How to Help the Bees and Other Pollinators

By Carol Quish for UConn Extension

Bees are extremely important and responsibly for 75% of the foods we eat every day. There are more than 4,000 species of bees in North America, and about 350 in the Northeast. They include honeybees, bumble bees, mason bees, carpenter bees, sweat bees, orchard bees, and the list goes on! Some are programmed to visit only a certain species of plants while others are cosmopolitan feeders, going to a wide variety of flowers to seek out nectar and pollen. They all pollinate flowers that then produce a fruit or vegetable. Leaf crops are the exception, but it could be said that without pollination, fruiting and the resulting seed production, there would not be seed for future leaf crops. So we need bees, all kinds of bees, not just honey bees. Other insects, animals and even some birds also pollinate certain crops. Hummingbirds come to mind for one.

How do we keep our bee pollinators happy and alive to do the job? I have listed the highlights of ways we humans can assist this important tasks on which we depend.

monarch butterflyFood for bees. Plant flowers. Trees and shrubs are important flowering plants in addition to the perennials, annuals and vegetables that we normally think of when taking bees into consideration. Trees and shrubs typically flower very early in the spring, some in late winter, providing nectar sources for the very early bees that emerge from their winter hiding places and nests. Willows and witch hazels are bloomers bees count on. Think continued blooming to feed from early season until will into the fall. Also plant en masse. Bees flying overhead are more likely to find larger groupings of plants in flower than just one or two plants spaced apart.

Types of plants that provide a heavy nectar source are best. Single flowered plants produce more nectar and pollen than plants bred for double flowers. An example is cosmos; the original single petal variety is better for bees than the flower with a double row of petals. The same goes for double petunias. Think single flowers. Plants in the mint and aster families are huge nectar producers beloved by bees. Asters and golden rod bloom late when there is not much else out. It goes without saying that native plants will be a benefit to native bees, aligned to bloom and provide sustenance at just the right time it is needed most.

The Xerces Society has a great native plant list for the northeast.

Water for bees. All life needs water. Bees do not swim, nor can they ‘stand’ on water. Birdbaths are great, just keep them shallow and place a rock with the top exposed into the center of the water. This gives the bees a place to drink from without drowning. In the wild, bees drink from damp edges of streams and ponds, and wet soil. Place shallow plates of water among your plants.

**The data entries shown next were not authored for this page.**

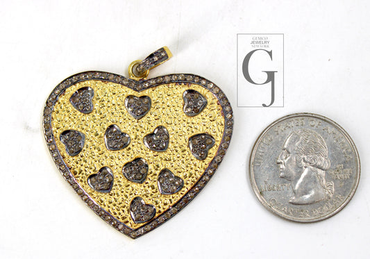 Very beautiful heart love pendant designer Rosecut pave diamond pendant 925 sterling silver handmade finish diamond charms necklace pendant
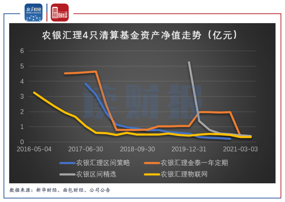 以清算起始日統(tǒng)計,2021年農(nóng)銀匯理共有4只基金因資產(chǎn)凈值不足5000萬而進(jìn)行清算,分別是“農(nóng)銀匯理區(qū)間策略”、“農(nóng)銀匯理物聯(lián)網(wǎng)”、“農(nóng)銀區(qū)間精選”、“農(nóng)銀匯理金泰一年定期”,其中前3個產(chǎn)品為混合型基金、第4個為債券型基金,且4個產(chǎn)品由個人投資者持有絕大部分份額。
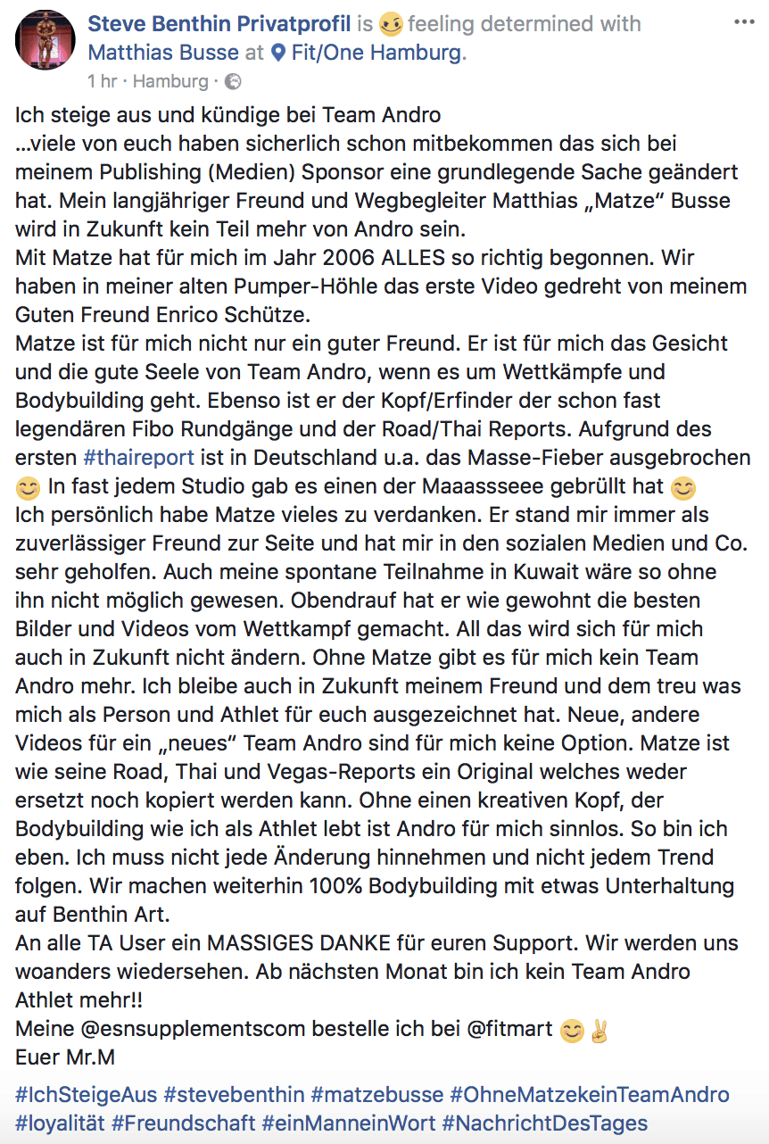 Außerdem, so Steve Benthin weiter, sei Busse der Kopf und Erfinder der Fibo-Rundgänge und Road/Thai Reports gewesen und hätte ihm immer als zuverlässiger Freund zur Seite gestanden und in den sozialen Medien sehr geholfen. Da aber „Matze“ nun nicht mehr „da“ sei, würde es in den Augen von Benthin auch kein Team Andro mehr geben. Des Weiteren sehe er auch in einem „neuen“ Team Andro keine Option für sich, da ein Original wie Busse weder ersetzt noch kopiert werden könne. Zudem wäre Team Andro für ihn ohne eine kreativen Kopf, der Bodybuilding nicht wie er selbst als Athlet leben würde, absolut sinnlos, erklärt der Team Andro-Athlet weiter.
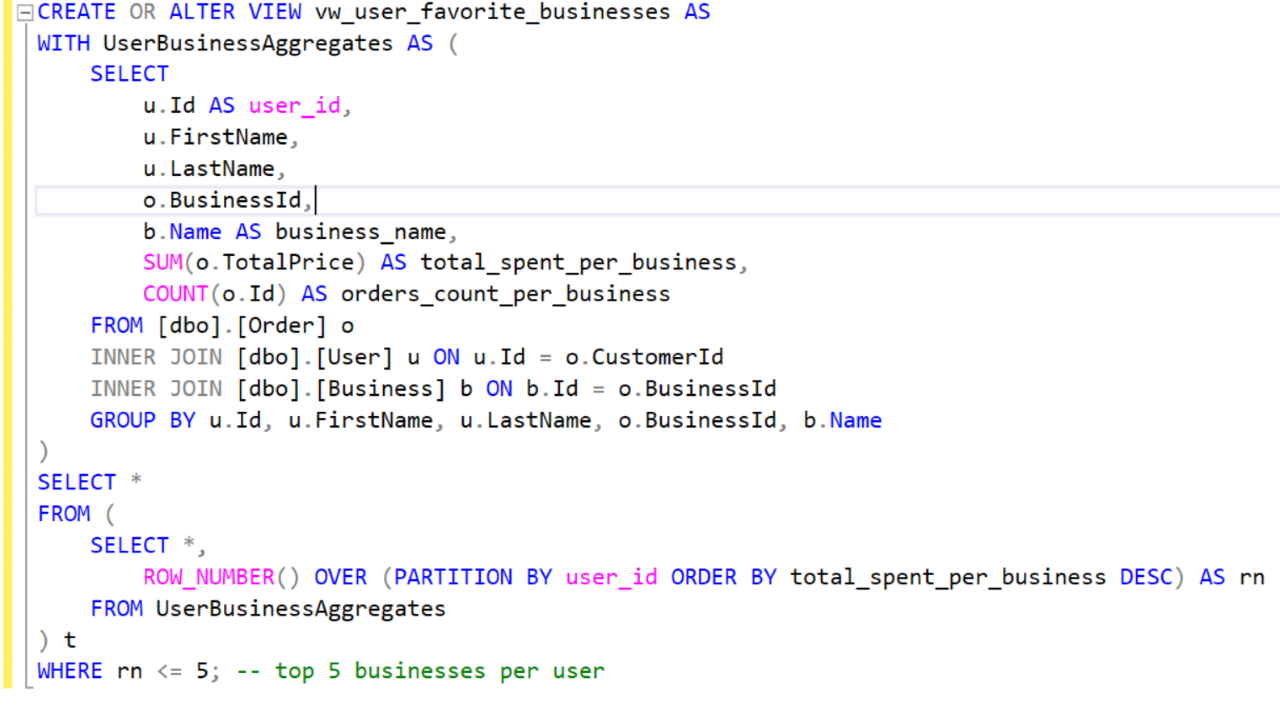 Преку ваквиот поглед би можеле да ги добиеме омилените бизниси од кој што купувал корисникот според тоа колку потрошил кај самиот бизнис. Затоа што перформансите на прашалниците кои се поврзани со овој поглед се прилично добри околу (400 ms) немаме креирано некои дополнителни индекси. Но доколку перформансите ослабнат потенцијални индекси би биле:

Housing for bees. Honeybees can live in hives, managed by humans, but they don’t need our help. In nature, they will find a protected hole in a tree, a cavity or wall void in which to live. There are many other bee species that are not honeybees. Two thirds of these bees live in than soil. Some solitary, others in communities. Beware of soil tillage. Digging up the ground can and will disturb bee nests. Observe an area before disturbing the soil. If bees are present, if you see them entering the ground, coming and going, you have an active bee pollinator area. Bees like to live in a sunny area where the soil is warmer, and especially on the edge of woods. Dead trees and broken branches, piles of brush and undisturbed grassy areas provide protection and cover for many bee living quarters. Some bees make their homes in hollow stems of plants; others will hollow out dead twigs. As gardeners, we usually clean up these areas, but leave some as bee habitat.

Don’t use pesticides. To protect the bees, never spray any insecticide or fungicide when flowers are open and bees are present. Bees are active during daylight hours, so for growers and others that must spray as a last resort for certain pests and crops, it should be applied during the dark of morning, i.e. 4 a.m. to avoid hitting the bees and so that the pesticide dries before the bees become active. Systemic insecticides, ones that are applied to the soil then taken up by the plant, will move to all parts of the plant, including the pollen, nectar and even gutation water formed as tiny droplets expressed on leaf edges. Bees will take in the pesticide through these sources, and while it may not be enough to kill them outright, the toxins will weaken the bees and build up in the colony.